The full set of entries below, restated word for word and stripped of images, is the expected result.

___

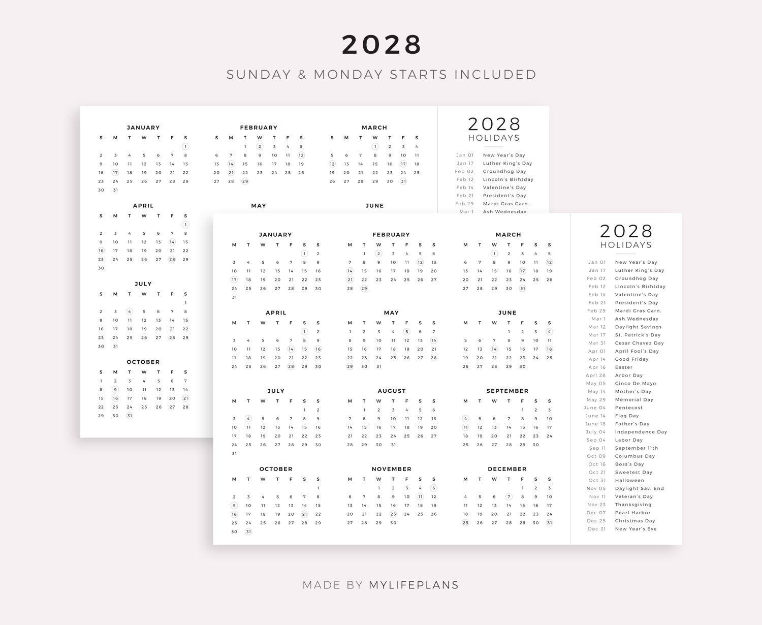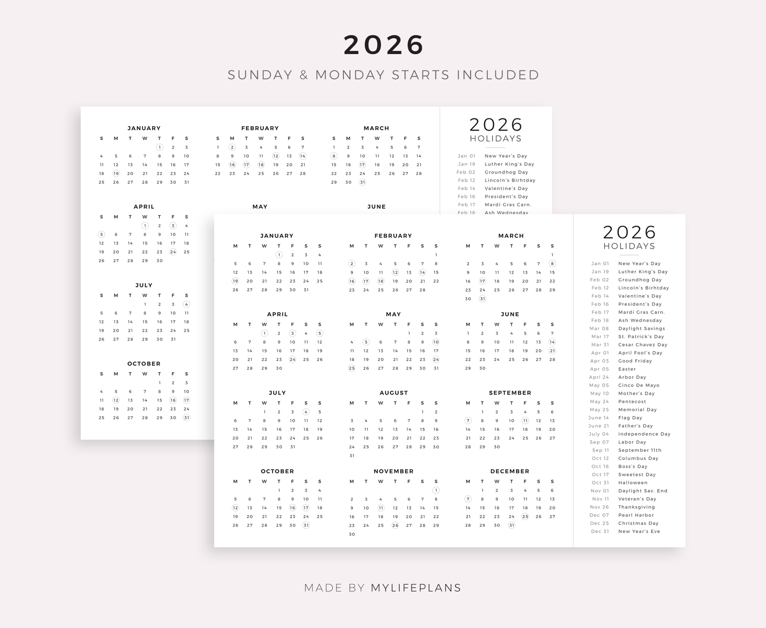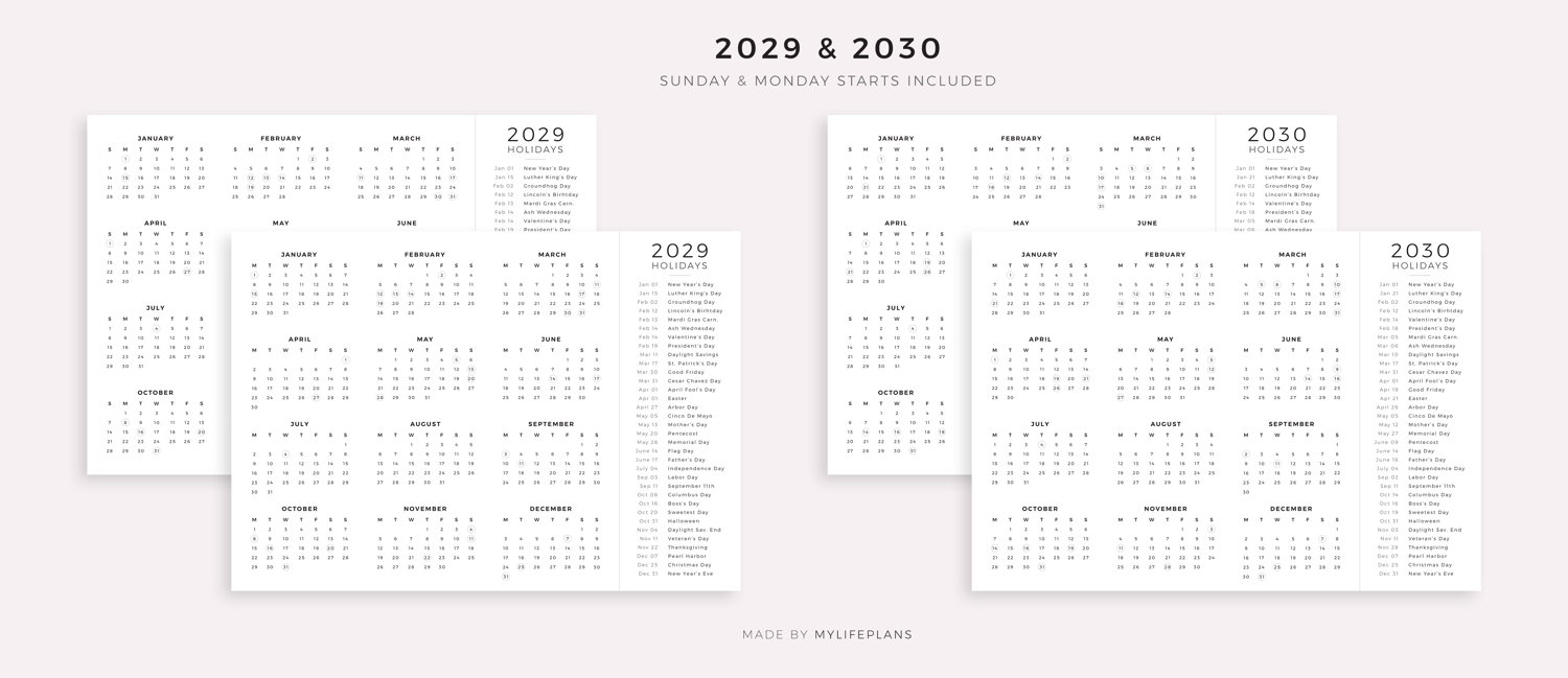 These are printable 2026-2030 year calendars with holidays on one page — just download, print, and start using it right away.
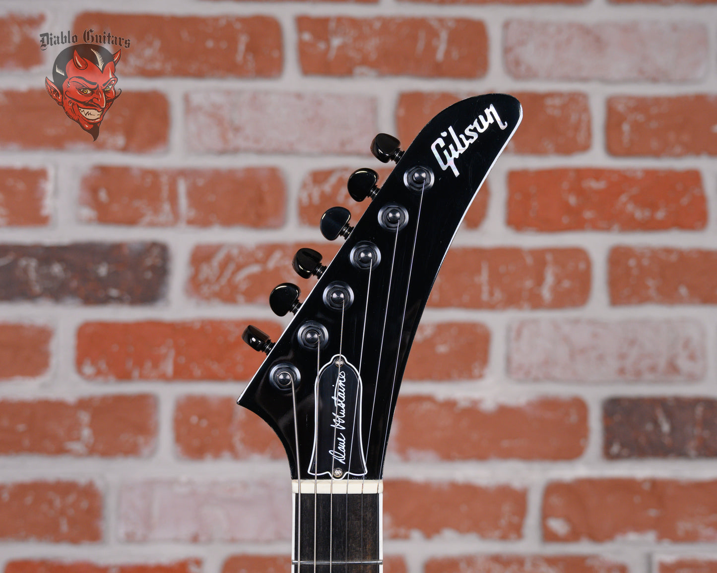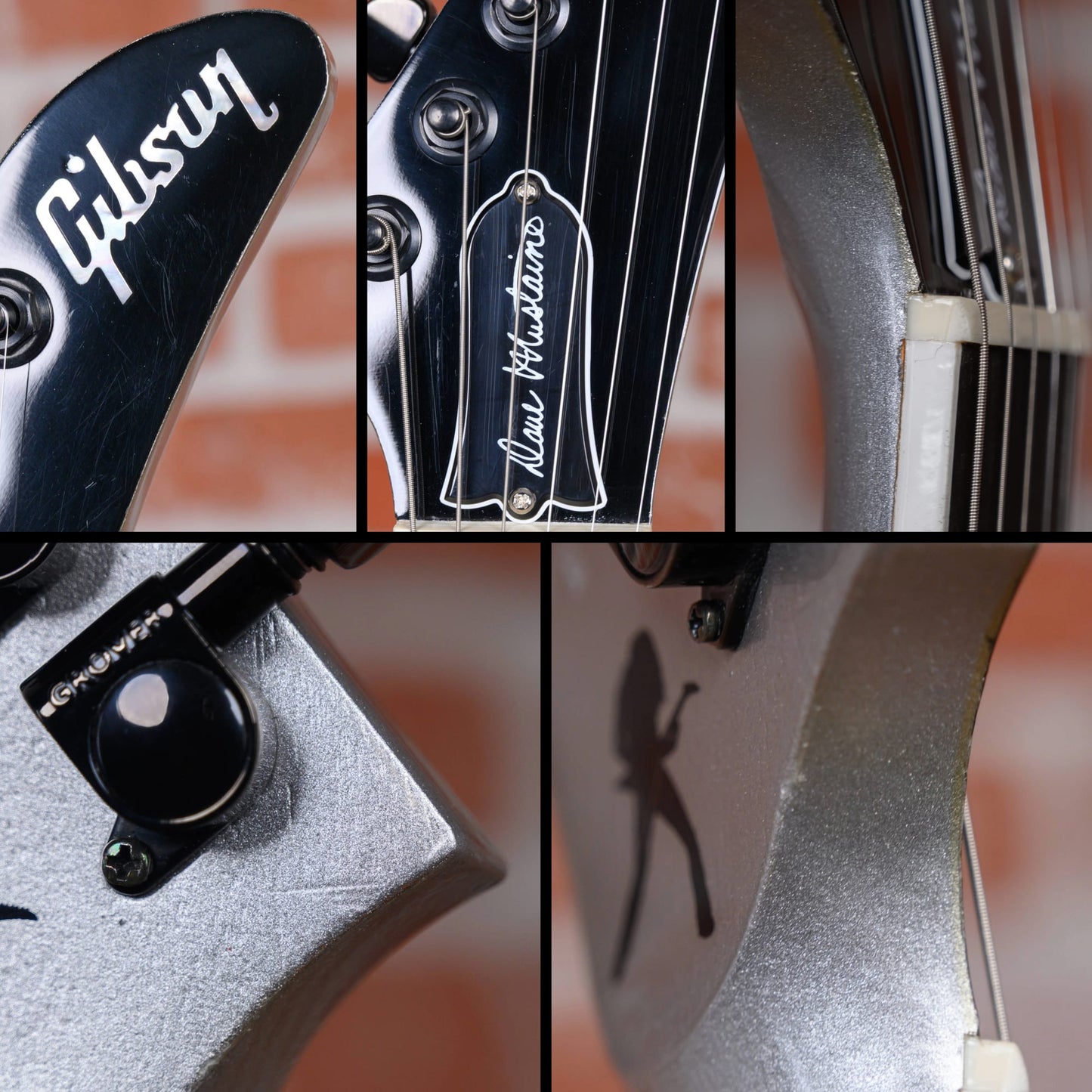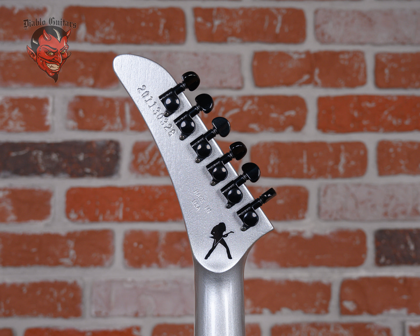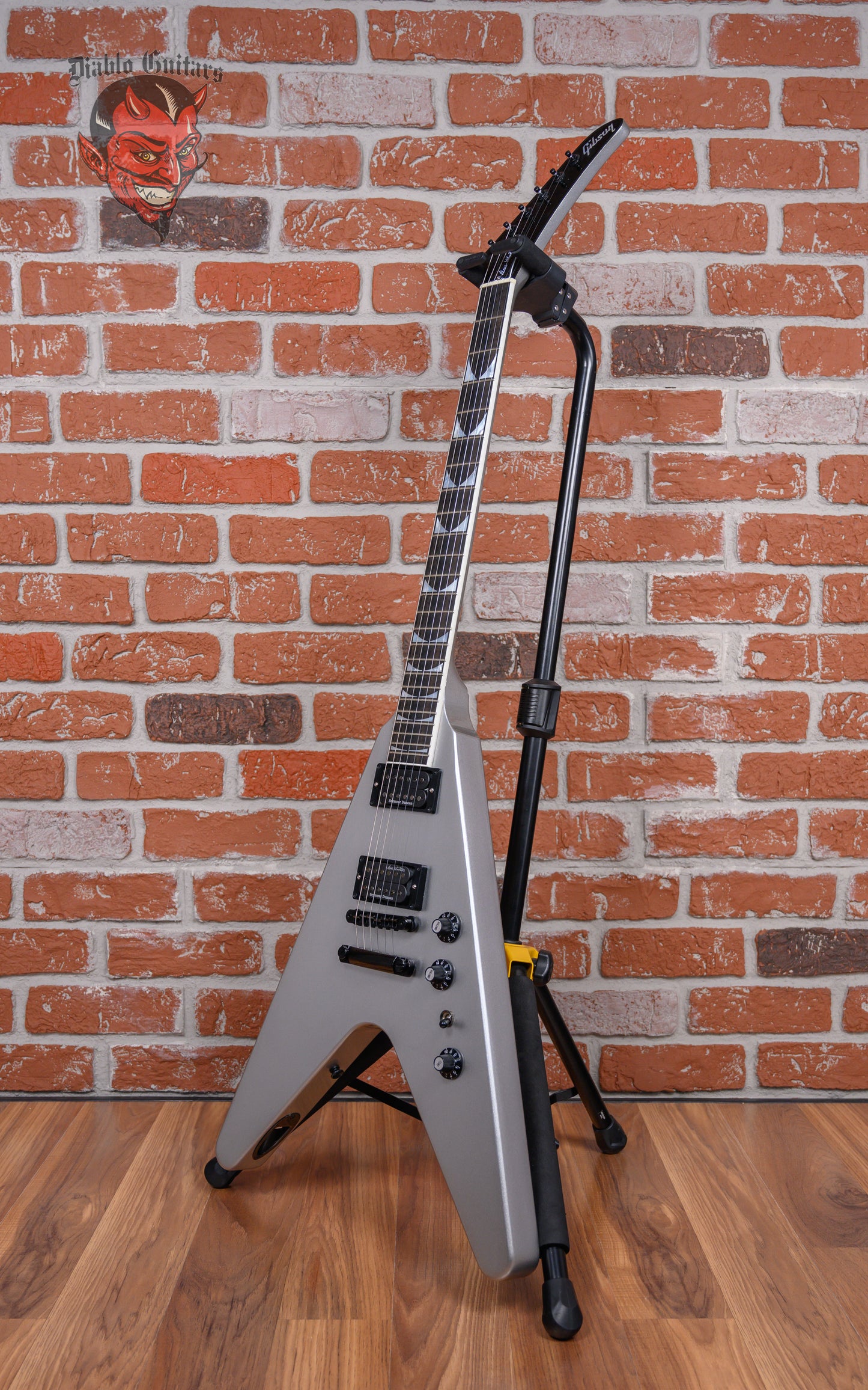 Gibson Dave Mustaine Flying V EXP in Silver Metallic finish made in 2023 with Original Hard Shell Case. This guitar features a solid mahogany body, mahogany neck and bound ebony fingerboard with an EXP headstock. Equipped with a Seymour Duncan SH-1 '59 in the neck position and a Seymour Duncan Thrash Factor in the bridge position. Controlled by 2 volume pots, 1 tone pot and a 3-way toggle switch. The 24.75" scale length neck has mother of pearl Teeth inlays and black side markers with 24 medium jumbo frets on a compound radius with a Slim Taper profile. The hardware is comprised of black Grover Mini-Rotomatic tuning machines with mini kidney bean heads, a bone nut, a Gibson Nashville Tune-O-Matic bridge and witch hat knobs.
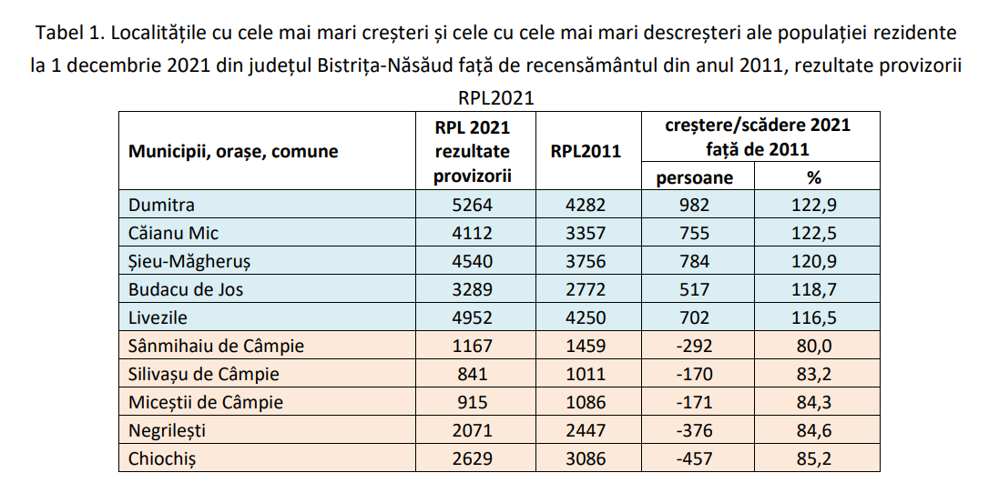 Referitor la municipii, orașe și comune, în cadrul județului Bistrița-Năsăud, localitățile care au câștigat cel mai mare număr de locuitori între cele două recensăminte, sunt municipiul Bistrița care a ajuns la o populație de 78.877 persoane (cu 3.801 persoane mai mult decât în 2011), orașul Sângeorz-Băi, cu o populație rezidentă de 10.931 persoane (cu 1.252 persoane mai mult decât în 2011) și comuna Dumitra cu o populație rezidentă de 5.264 persoane (cu 982 persoane mai mult decât în 2011). Ierarhia se modifică dacă ne referim la creșteri în valori relative. Astfel, comuna Dumitra și comuna Căianu Mic au crescut cu 122,9% față de 2011 ajungând la o populație de 5264 locuitori, respectiv 122,5% ajungând la o populație de 4112 locuitori.
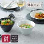 モノトーンオシャレ食器セット 二人用8点おしゃれ モダン 磁器 日本製 美濃焼 白い食器 黒い食器 食器セット セット食器 ペア食器 ファミリー食器 家族食器 爆買
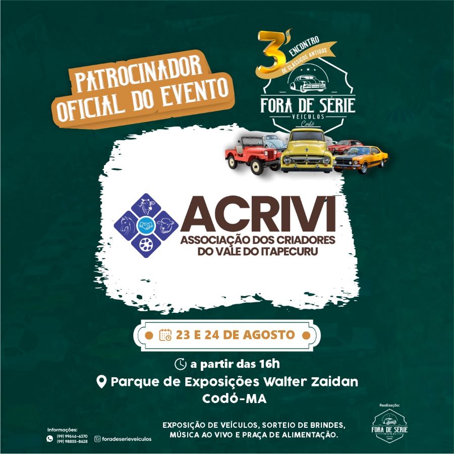 Nos dias 23 e 24 de agosto, no Parque de Exposições Walter Zaidan, em Codó/MA, acontecerá o 3º Encontro de Clássicos Antigos Fora de Série Veículos
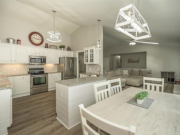Open concept walk-out ranch home located in convenient O'Fallon neighborhood has been nicely updated and maintained! Great curb appeal with professional landscaping, covered front porch with porch swing which leads to great room with vaulted ceilings, white-washed fireplace and skylights! LVP flooring runs to AMAZING eat-in kitchen with white cabinets with crown molding, granite countertops, SS appliances and shiplap accents! En suite bedroom features vaulted ceiling, French doors, wood burning fireplace and large bath with separate shower and soaker tub and double vanity! You will love the flat, fenced and usable backyard with two-tier deck. Yard backs to wooded common ground and offers privacy and an amazing area to hang out with friends and family! Additionally, home features main floor laundry, large rec space in basement, new doors, fixtures and trim, fresh paint and so much more! Come see this gorgeous home today before it's SOLD!!
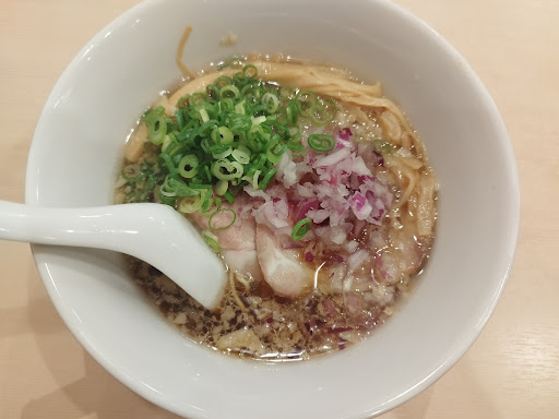 ラーメン全体の見た目は、新小岩 自家製麺 啜乱会?秋葉原 饗 くろ㐂?塩生姜らー麺専門店 MANNISH?違うなぁ…赤玉ねぎがあるから、市川 らぁ麺...

___

◆ **EXERCISE ANSWER**
 These are printable 2026-2030 year calendars with holidays on one page — just download, print, and start using it right away.
 Gibson Dave Mustaine Flying V EXP in Silver Metallic finish made in 2023 with Original Hard Shell Case. This guitar features a solid mahogany body, mahogany neck and bound ebony fingerboard with an EXP headstock. Equipped with a Seymour Duncan SH-1 '59 in the neck position and a Seymour Duncan Thrash Factor in the bridge position. Controlled by 2 volume pots, 1 tone pot and a 3-way toggle switch. The 24.75" scale length neck has mother of pearl Teeth inlays and black side markers with 24 medium jumbo frets on a compound radius with a Slim Taper profile. The hardware is comprised of black Grover Mini-Rotomatic tuning machines with mini kidney bean heads, a bone nut, a Gibson Nashville Tune-O-Matic bridge and witch hat knobs.
 Referitor la municipii, orașe și comune, în cadrul județului Bistrița-Năsăud, localitățile care au câștigat cel mai mare număr de locuitori între cele două recensăminte, sunt municipiul Bistrița care a ajuns la o populație de 78.877 persoane (cu 3.801 persoane mai mult decât în 2011), orașul Sângeorz-Băi, cu o populație rezidentă de 10.931 persoane (cu 1.252 persoane mai mult decât în 2011) și comuna Dumitra cu o populație rezidentă de 5.264 persoane (cu 982 persoane mai mult decât în 2011). Ierarhia se modifică dacă ne referim la creșteri în valori relative. Astfel, comuna Dumitra și comuna Căianu Mic au crescut cu 122,9% față de 2011 ajungând la o populație de 5264 locuitori, respectiv 122,5% ajungând la o populație de 4112 locuitori.
 モノトーンオシャレ食器セット 二人用8点おしゃれ モダン 磁器 日本製 美濃焼 白い食器 黒い食器 食器セット セット食器 ペア食器 ファミリー食器 家族食器 爆買
 Nos dias 23 e 24 de agosto, no Parque de Exposições Walter Zaidan, em Codó/MA, acontecerá o 3º Encontro de Clássicos Antigos Fora de Série Veículos
Open concept walk-out ranch home located in convenient O'Fallon neighborhood has been nicely updated and maintained! Great curb appeal with professional landscaping, covered front porch with porch swing which leads to great room with vaulted ceilings, white-washed fireplace and skylights! LVP flooring runs to AMAZING eat-in kitchen with white cabinets with crown molding, granite countertops, SS appliances and shiplap accents! En suite bedroom features vaulted ceiling, French doors, wood burning fireplace and large bath with separate shower and soaker tub and double vanity! You will love the flat, fenced and usable backyard with two-tier deck. Yard backs to wooded common ground and offers privacy and an amazing area to hang out with friends and family! Additionally, home features main floor laundry, large rec space in basement, new doors, fixtures and trim, fresh paint and so much more! Come see this gorgeous home today before it's SOLD!!
 ラーメン全体の見た目は、新小岩 自家製麺 啜乱会?秋葉原 饗 くろ㐂?塩生姜らー麺専門店 MANNISH?違うなぁ…赤玉ねぎがあるから、市川 らぁ麺...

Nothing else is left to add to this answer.